A caller with more volume than tone on the other side of the room called out,
“King Louie was the king of France before the Revolu-shy-un!”

“Sure,” I said. “Cheat on your husband and your best friend. The only way to find love is through adultery. All good civilized behavior.”

Tim smiled at my quip, but had to wait as the whole room responded,
“Weigh haul away, haul away Joe.”

“Not that,” he said, “but that people should strive to better themselves and to do the right thing.”

“Then he got his head cut off, it spoiled his constitushy-un!”

I had to hurry to slip in before the chorus. “Like sleep with your sister and beget your downfall?”

“Weigh haul away, haul away Joe.”

He gave a frustrated huff. “Arthur's story isn't the only one in the Arthurian cycle or even the most important. Parcival, Gawain, and half a dozen others were more popular.”

“Okay,” I said. We were getting our timing down now and I started to tune out the music completely. “I'll give you the urge to do heroic deeds, but the pictures they painted of women were right along the lines the Church held. Women lead men astray, and they will betray you as soon as you give them your trust.” He started to say something but I was in the middle of a thought and didn't pause. “But it's not their fault—that's just what women do as a result of their weaker natures.” I knew better actually, but it was fun to rant.

“That's a simplification,” he said hotly. “Maybe the popular versions that were retold in the middle twentieth century ignore most of the women. But just go read some of the original authors like Hartman von Aue or Wolfram von Eschenbach. Their women are real people, not just reflections of the Church's ideals.”

“I'll give you Eschenbach,” I conceded. “But von Aue, no. His
Iweine
is about a knight who gave up adventuring because he loved his wife—for which he must atone. So he goes out and rescues women to regain his proper manly state. Ugh. You don't see any of his women rescuing themselves.” I waved my hand. “And you can't escape that the central Arthurian story revolves around Arthur, who marries the most beautiful woman in the land. She sleeps with his best friend—thereby ruining the two greatest knights who ever lived and bringing about the downfall of Camelot, just as Eve brought about the downfall of mankind. Robin Hood was much better. Maid Marian saves herself from Sir Guy of Gisbourne, then goes out and slays a deer and fools Robin when she disguises herself as a man.”

He laughed, a low attractive sound that seemed to take him as much by surprise as it did me. “Okay. I give up. Guinevere was a loser.” His smile slowly died as he looked behind me.

Samuel put his hand on my shoulder and leaned close. “Everything all right?”

There was a stiffness in his voice that had me turning a little warily to look at him.

“I came to rescue you from boredom,” he said, but his eyes were on Tim.

“Not bored,” I assured him with a pat. “Go play music.”

Then he looked at me.

“Go,” I said firmly. “Tim's keeping me entertained. I know you don't get much chance to play with other musicians. Go.”
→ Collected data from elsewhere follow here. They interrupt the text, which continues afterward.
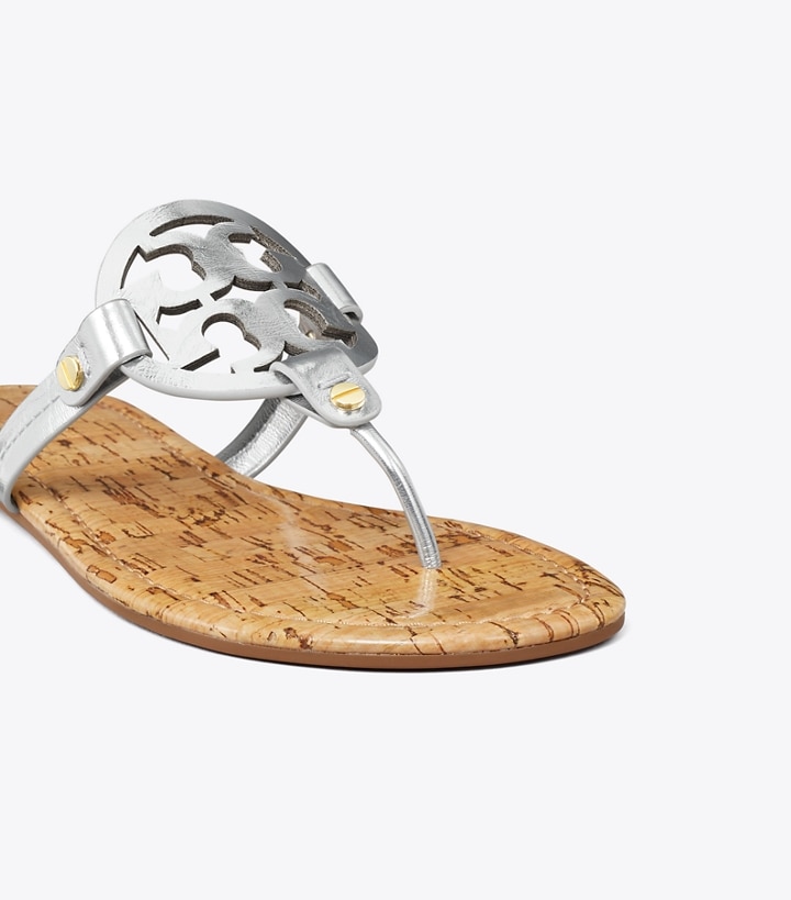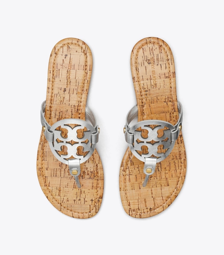 The iconic sandal with a cult following. Season after season, our Miller is loved for its timeless style and exceptional comfort. The classic design combines crinkled metallic leather and patent cork. It features a cushioned footbed with elevated hand-tack topstitching and a laser-cut logo with hand-painted edges fastened by gold rivets.
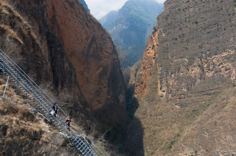阿土列尔村的万丈陡壁上,曾经摇摇欲坠的藤梯,已经换成了结实的钢梯。
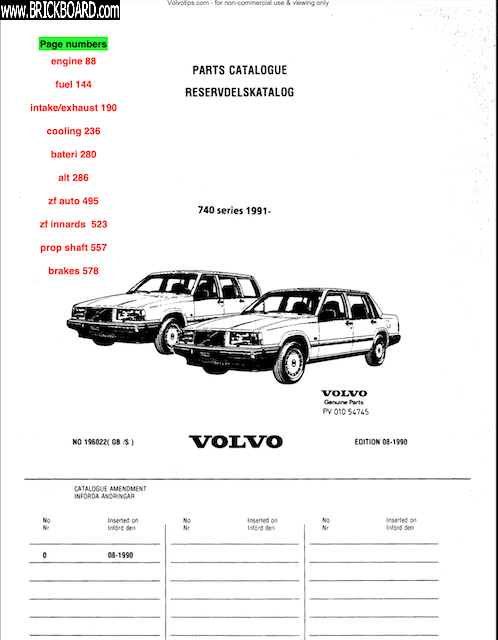 Regarding the woodruff key, I posted that thread because I just replaced my timing belt (940 1994) months ago and didn't experience that difficulty. Just in case the 940 was different, I searched back my softcopy 740 parts catalog just to be sure, and the crank parts diagram was from this catalog (shown below). The red page numbers listing are for my own quick reference for access.
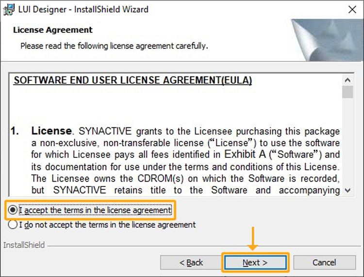 - The End User License Agreement (EULA) window will display. Check the I accept..the license agreement radio button, and then click Next.
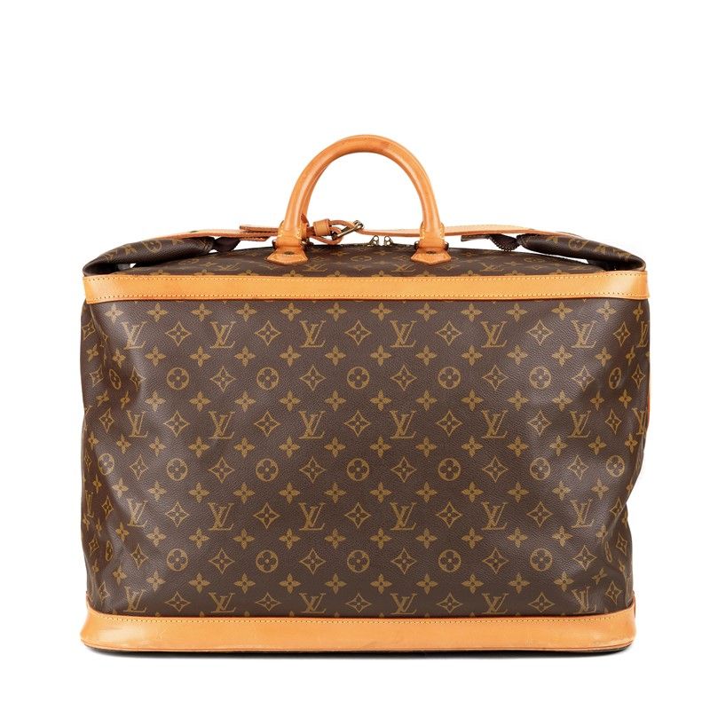 LOUIS VUITTON BORSA DA VIAGGIO CRUISER 50 La borsa a mano Cruiser con le sua linea elegante e in tela Monogram si chiude con una doppia cerniera e una cinghia in vacchetta naturale. Risale al 1993. In tela Monogram, finiture in vacchetta naturale, fodera in tela Parti metalliche in ottone dorato e cerniera a doppio cursore, cinturino in pelle con fibbia. Formato cabina. Dim. cm 50x34x25

Samuel had never been the kind of person who put on graphic public displays of affection. So it took me by surprise when he bent over me and gave me an open-mouth kiss that started out purely for Tim's benefit. It didn't stay there for very long.

One thing about living a long time, Samuel told me once, it gave you a lot of time to practice.

He smelled like Samuel. Clean and fresh, and though he hadn't been back to Montana for a while, he still smelled of home. Much better than Tim's cologne.

And still…and still.

This afternoon, talking to Honey, I'd finally admitted that a relationship between Samuel and I would not work. That admission was making several other things clear.

I loved Samuel. Loved him with all my heart. But I had no desire to tie myself to him for the rest of my life. Even if there had been no Adam, I did not feel that way about him.

So why had it taken me so long to admit it?

Because Samuel needed me. In the fifteen years more or less between the day I'd run away from him and last winter when I'd finally seen him again, something in Samuel had broken.

Old werewolves are oddly fragile. Many of them go berserk and have to be killed. Others pine and starve themselves to death—and a starving werewolf is a very dangerous thing.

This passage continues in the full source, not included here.